How many fucks do you give on a daily basis? By which I mean, how often do you worry about what people think of you, or care how they might react to something you do?
By now, newly 40, I expected to be pretty much fuck free. Having spent much of my life tied up in knots about other people’s opinions of me - worrying about being wrong in some indefinable way - I thought liberation would be mine. That’s what we’re told isn’t it? That as you approach midlife, you simply stop sweating the small stuff and learn to identify what really counts. Tricky friendships, office politics, self doubt, social media likes … it all just matters less. Time to put on a Prue Leith style chunky necklace and dance to your own tune, freed from the burden of other people’s opinions and society’s expectations. You go girl.
Except, despite having a reasonable amount of life experience and going through enough grief to understand what a privilege it is to grow old, I still give a damn about getting grey hairs and looking good in slinky dresses (I wore Spanx on a photoshoot just this morning) - alongside, y’know, caring deeply about gender equality and geopolitics. I can’t stop giving a fuck. What’s going on?
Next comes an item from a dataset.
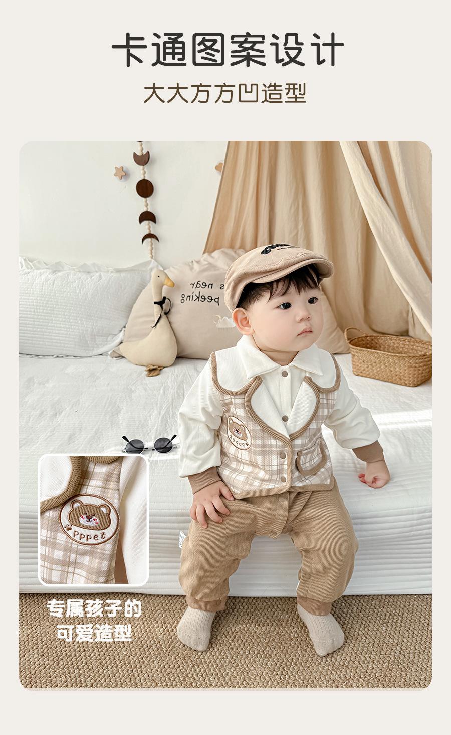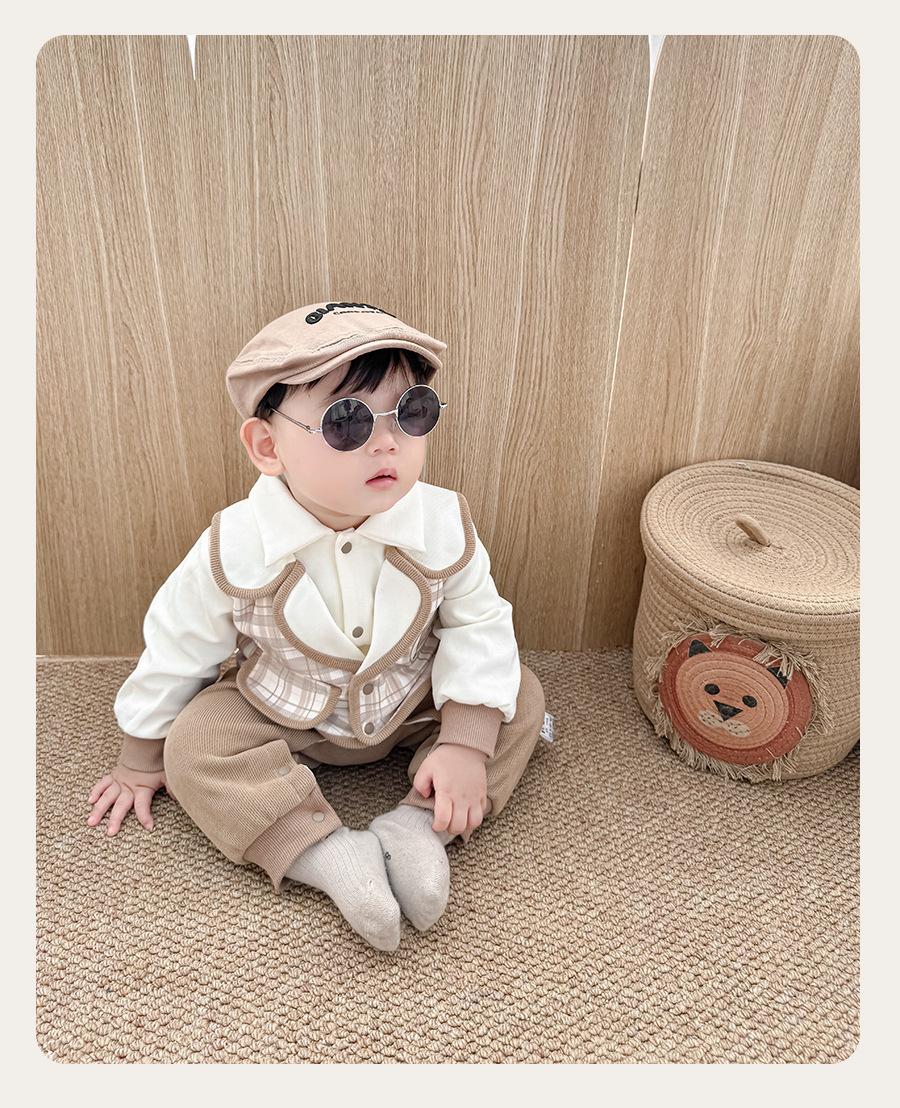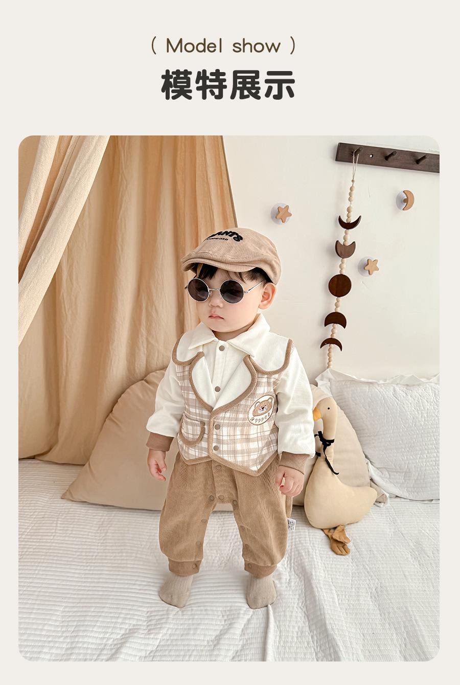 Ropa de Bebé Primavera y Otoño Traje Enterizo Tesoro de Caballero para Hombre Falso de Dos Piezas Traje de Pedos Clase A Algodón Puro Traje Ja-ja Ropa para Trepar para Salir 1

A few days ago, while on a solo trip to Madrid (let me know if you want a guide in the comments), I had this exact conversation with one of the city’s hottest new female chefs. I’d walked past her buzzy, neighbourhood restaurant and was drawn inside, where I sat at the bar eating incredible Middle Eastern-inspired food and chatting to her. She was about to celebrate her 41st birthday. “Isn’t it great?” she said, pausing with her knife in the air and pulling up her baseball cap to look me in the eye. “The best thing is that you just don’t give a fuck what anyone thinks any more.”
I nodded furiously in agreement (my mouth being full of octopus salad), because I was talking to a cool and talented woman, on whom I wanted to make a good impression. So much for not giving a fuck what other people think of me, eh?
It’s a bit of a movement, this ‘older women don’t give a flying fuck’ thing. There are role models in the form of Miriam Margolyes and the late Iris Apfel. We’re told that it’s a superpower and a sign of innate strength. It’s something we should be striving for; the emotional equivalent of being a girlboss.
But is it realistic? And can women actually afford not to care?